WORK INSTRUCTIONS: The output must consist only of the lines from the one with "Women Composite Tassel" through the end of the listing, restated exactly and free of pictures.

RECORDED INFORMATION:
___

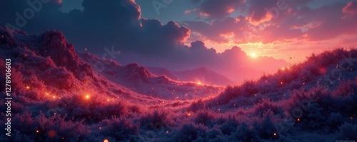 © PHOUVONG , Naklejka premium Softly glowing flames illuminate an ethereal landscape, dreamy, subtle
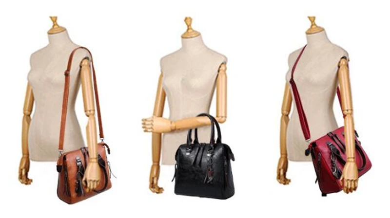 Women Composite Tassel Bag Luxury Leather Purse Handbags Famous Brands Designer Top-Handle Female Shoulder Bag 4pcs/set
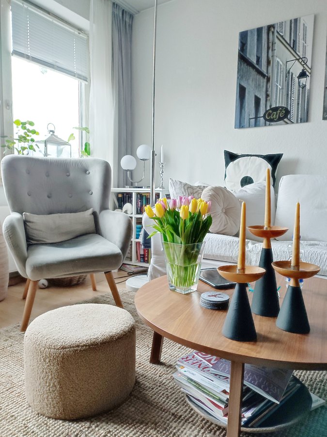 Tulpen habe ich mir heute auch gegönnt. Das sieht gleich ein bisschen nach Frühling aus.

___

WRITTEN REPLY:
 Women Composite Tassel Bag Luxury Leather Purse Handbags Famous Brands Designer Top-Handle Female Shoulder Bag 4pcs/set
 Tulpen habe ich mir heute auch gegönnt. Das sieht gleich ein bisschen nach Frühling aus.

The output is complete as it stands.